La vida en el archivo, de Lila Caimari

Lo saben bien los historiadores, pero sobre todo el investigador que ha hurgado en archivos particulares y públicos: la emoción desatada cuando se ha encontrado un documento que alumbra las hipótesis y torna comprensibles los hallazgos. Hay euforia, hay alegría, hay dicha.

Lila Caimari, la destacada historiadora y politóloga argentina, es autora de La vida en el archivo (2017, Siglo XXI), un libro en donde describe los goces que viven los investigadores cuando esculcan documentos, pero también las horas muertas y los desvíos que se experimentan entre montañas de papeles que alguna vez fueron actualidad y vida.

El libro inicia con una cita de Michel de Certeau, contenida en La escritura de la historia: “Cada verdadero historiador sigue siendo un poeta del detalle, y hace sonar sin cesar, como el esteta […] las mil armonías que una pieza rara despierta en un campo de conocimientos” .

Esos hallazgos –una carta que describe una situación, un artículo que se vincula con perfección a nuestras conjeturas o un comentario al margen que desbarata nuestras hipótesis– exalta nuestras emociones y no es raro que dejemos de escribir, que demos una caminata mientras nuestros ojos se abrillantan y sonríen como si ese texto lo hubiesen redactado especialmente para nosotros.

También hay tedio, angustia y fastidio en los archivos.
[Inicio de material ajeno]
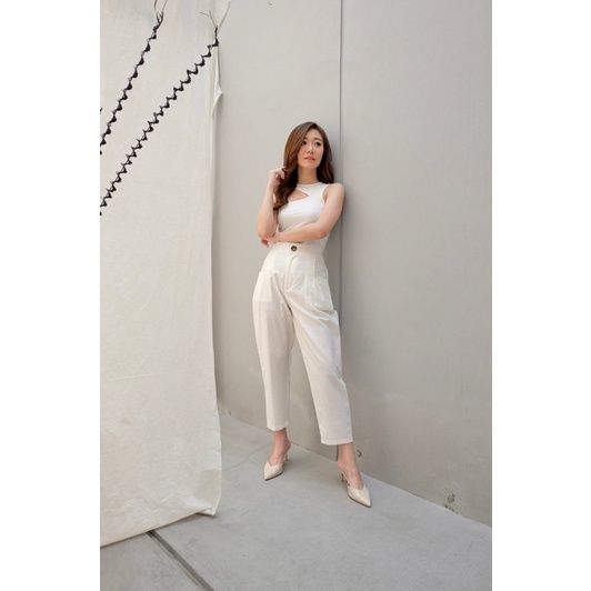 CELANA LINEN HIGHWAIST DOUBLE POCKET LINEN PANTS

Hay muchas horas muertas, mucha lectura descartada, mucho trabajo de exploración y de excavación que son necesarios para encontrar una pequeña lágrima de oro y, cuando hay suerte, un filón que ha pasado inadvertido para otros esculcadores del pasado, como esos legajos que halló Carlo Ginzburg, que le permitieron trazar la vida de un molinero del siglo XVI y su entramado en la cultura popular.

Los investigadores también se pierden en los datos. Los disfrutan. Se desvían del tema. A mí, por ejemplo, me ha sucedido que a veces termino leyendo sobre fiestas, asesinatos y encuentros deportivos que sucedieron hace 50 o 100 años y que no tienen nada qué ver sobre lo que estoy investigando.
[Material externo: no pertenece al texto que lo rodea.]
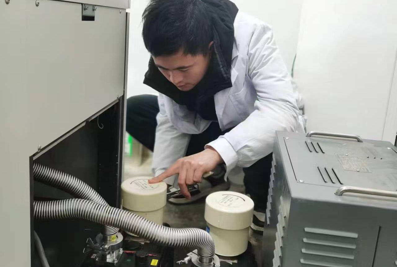 華拓檢測公司 春節(jié)期間,檢測員李釗對(duì)X-射線熒光光譜儀進(jìn)行維護(hù)保養(yǎng)。

Al tiempo que reflexiona sobre estos goces y desvíos en los archivos, Caimari también comenta sobre la importancia de caerle bien al archivero, para tener acceso pleno a su reino, del que es dios y guardián.
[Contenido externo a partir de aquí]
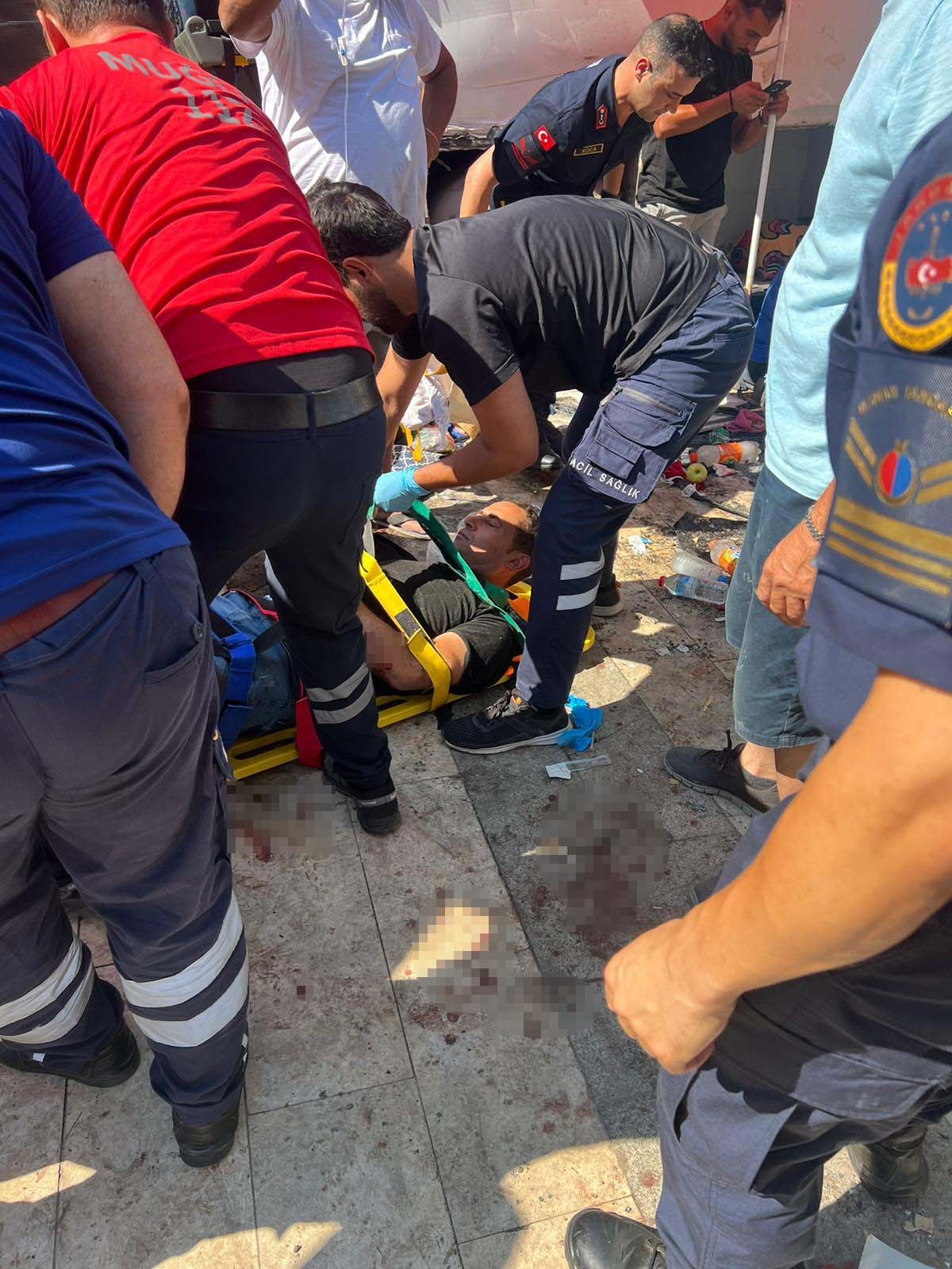 Kazazedelerin bölgeye sevk edilen ambulanslarla başta Muğla Eğitim Araştırma Hastanesi olmak üzere çeşitli sağlık kuruluşlarına sevki sürüyor.

Afortunadamente, en los archivos públicos se ha cuidado de no caer en las veleidades de los encargados de archivo, mediante la publicación de los documentos que posee la institución y normas claras para su consulta. Pero hay espacios en donde se debe poner mucho empeño para seducir al dios guardián, como son los archivos particulares.

El investigador, nos recuerda Caimari, se refugia en el archivo “para estar solo y para estar en casa”; pero esa vieja costumbre queda cada vez más obsoleta por las otras formas de consulta, con servidores informáticos que proveen cantidad ingente de documentos. Ahora el investigador viaja al pasado desde su computadora.

La autora se detiene a analizar la ley del mínimo esfuerzo en el desciframiento de textos, cuando se priorizan los manuscritos que pueden rescatarse con mayor facilidad; es decir, los más legibles o los que más llenan nuestras expectativas.

Analiza la costumbre reciente de fotografiarlo casi todo, para seguir el hilo de la especulación en la casa, o para evitar la sensación de que algo importante ha quedado atrapado en los archivos polvorientos.

Refiere también de la posibilidad del investigador de contratar a jóvenes estudiantes para que esculquen archivos por nosotros, pero tiene razón Caimari de que no es lo mismo; siempre importa la sumersión para comprender mejor el contexto.

La vida en el archivo, libro conformado por nueve capítulos, es una reflexión-paseo agradable y aleccionador sobre las horas que consume el investigador en los archivos, los cuales ha convertido en su casa amplia de vericuetos, alegrías y desvíos.